TASK PROMPT> Word for word, reproduce the records, keeping none of the pictures.

Dataset records>
+++++

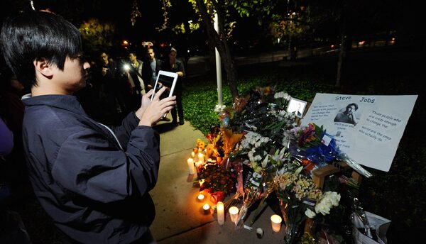 A crowd gathers at a makeshift memorial for Steve Jobs at the Apple headquarters on October 5, 2011 in Cupertino, California.Kevork Djansezian/Getty Images
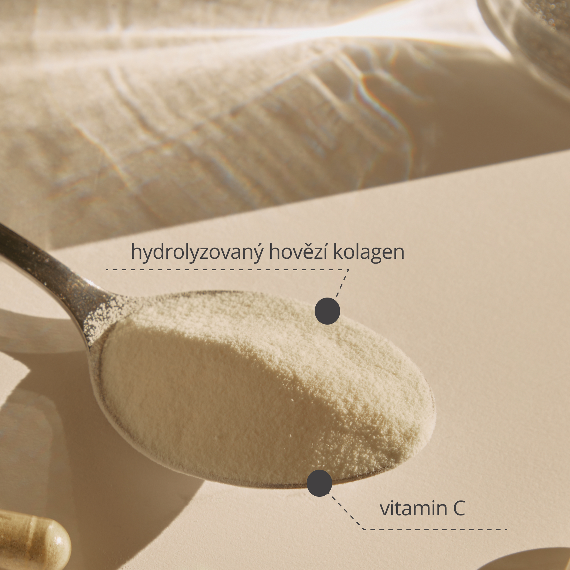 Zloženie v dennej dávke: 12,5 g hovädzí hydrolyzovaný kolagén, 100 mg vitamín C (L-askorbová kyselina).
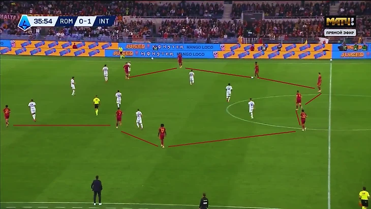 Джан Пьеро потребовалось время, чтобы поставить коронные розыгрыши на краю. Первое время римляне хорошо ограничивали соперника плотным персональным прессингом, но слишком просто играли с мячом. Владение Гасперини строится во фланговых ромбах с заранее отрепетированной, но сложной ротацией. «Роме» понадобилось несколько месяцев, чтобы ее усвоить. Стремление играть через края, как принято у тренера, и плохо поставленная механика постоянно приводили к вот таким беззубым структурам.
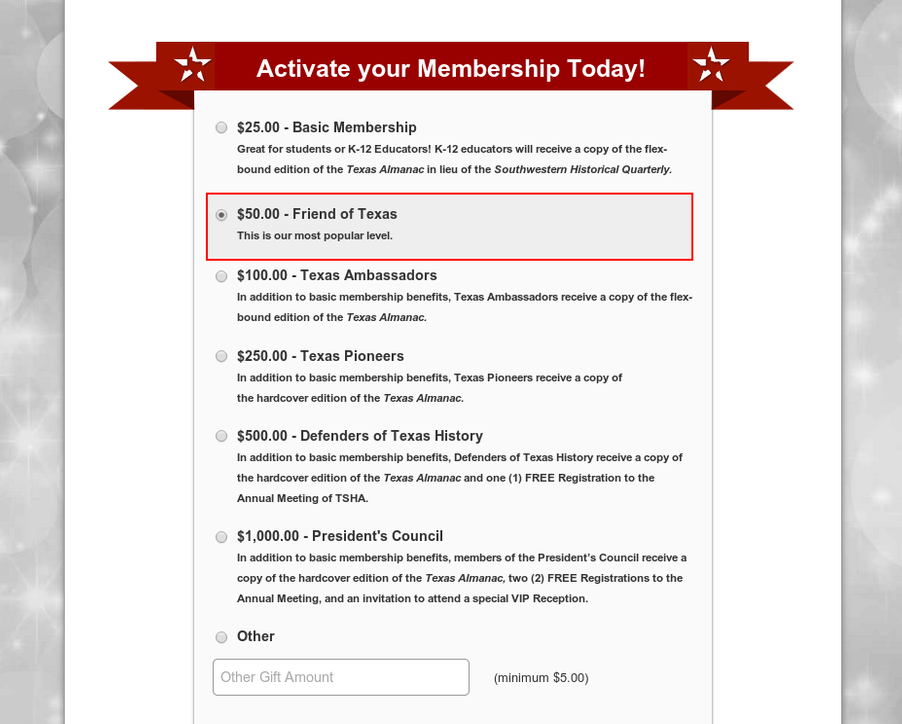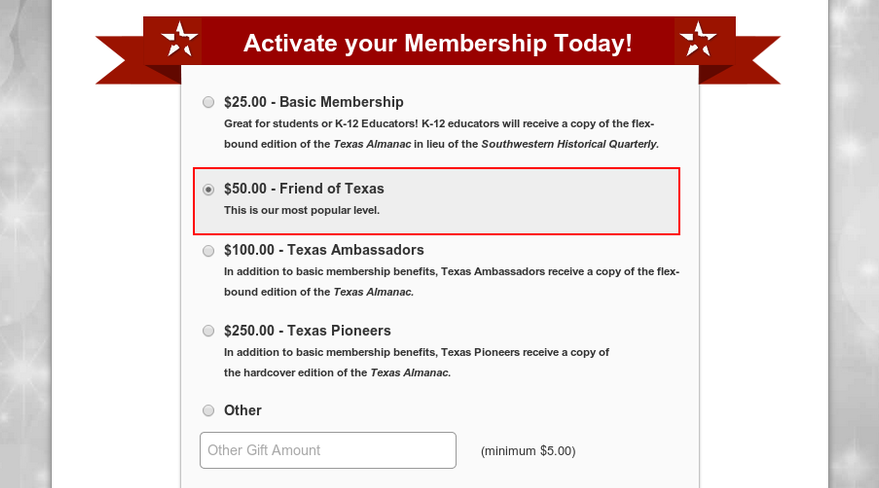 During their calendar year end campaign, the Texas State Historical Association created a landing page dedicated to acquiring new members. Their membership program consists of 6 different levels ranging from $25 up to $1,000.  After analyzing previous year end campaigns, we realized that the number of new members that select gifts above $250 are few and far between.
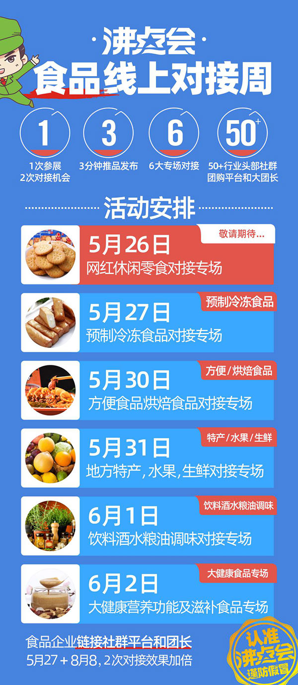 沸點會展特別打造的【沸點會.食品對接專場】,將于2022年5月26日-6月1日舉辦。此次活動是為食品產(chǎn)品企業(yè)提供一個與社群團購平臺及團長專場的對接機會,讓雙方快速精準對接,實現(xiàn)銷售增長。
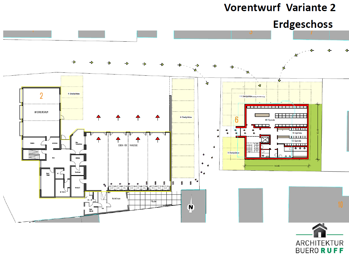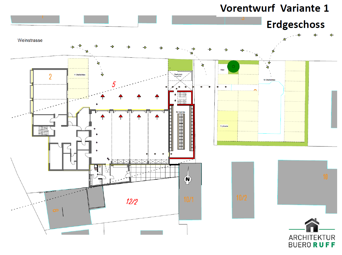 In einer ersten Variante würde an die Fahrzeughalle ein Anbau vorgesehen werden, der die Umkleidebereiche für die aktiven Feuerwehrkameraden samt Sanitäranlagen beinhalten könnte. Im Obergeschoss könnten Räumlichkeiten für die Jugendfeuerwehr sowie für Lagebesprechungen vorgesehen werden. Die erforderlichen zusätzlichen Stellplätze könnten auf dem Grundstück der Weinstraße 6 platziert werden.

+++++

TASK RESULT>
 A crowd gathers at a makeshift memorial for Steve Jobs at the Apple headquarters on October 5, 2011 in Cupertino, California.Kevork Djansezian/Getty Images
 Zloženie v dennej dávke: 12,5 g hovädzí hydrolyzovaný kolagén, 100 mg vitamín C (L-askorbová kyselina).
 Джан Пьеро потребовалось время, чтобы поставить коронные розыгрыши на краю. Первое время римляне хорошо ограничивали соперника плотным персональным прессингом, но слишком просто играли с мячом. Владение Гасперини строится во фланговых ромбах с заранее отрепетированной, но сложной ротацией. «Роме» понадобилось несколько месяцев, чтобы ее усвоить. Стремление играть через края, как принято у тренера, и плохо поставленная механика постоянно приводили к вот таким беззубым структурам.
 During their calendar year end campaign, the Texas State Historical Association created a landing page dedicated to acquiring new members. Their membership program consists of 6 different levels ranging from $25 up to $1,000.  After analyzing previous year end campaigns, we realized that the number of new members that select gifts above $250 are few and far between.
 沸點會展特別打造的【沸點會.食品對接專場】,將于2022年5月26日-6月1日舉辦。此次活動是為食品產(chǎn)品企業(yè)提供一個與社群團購平臺及團長專場的對接機會,讓雙方快速精準對接,實現(xiàn)銷售增長。
 In einer ersten Variante würde an die Fahrzeughalle ein Anbau vorgesehen werden, der die Umkleidebereiche für die aktiven Feuerwehrkameraden samt Sanitäranlagen beinhalten könnte. Im Obergeschoss könnten Räumlichkeiten für die Jugendfeuerwehr sowie für Lagebesprechungen vorgesehen werden. Die erforderlichen zusätzlichen Stellplätze könnten auf dem Grundstück der Weinstraße 6 platziert werden.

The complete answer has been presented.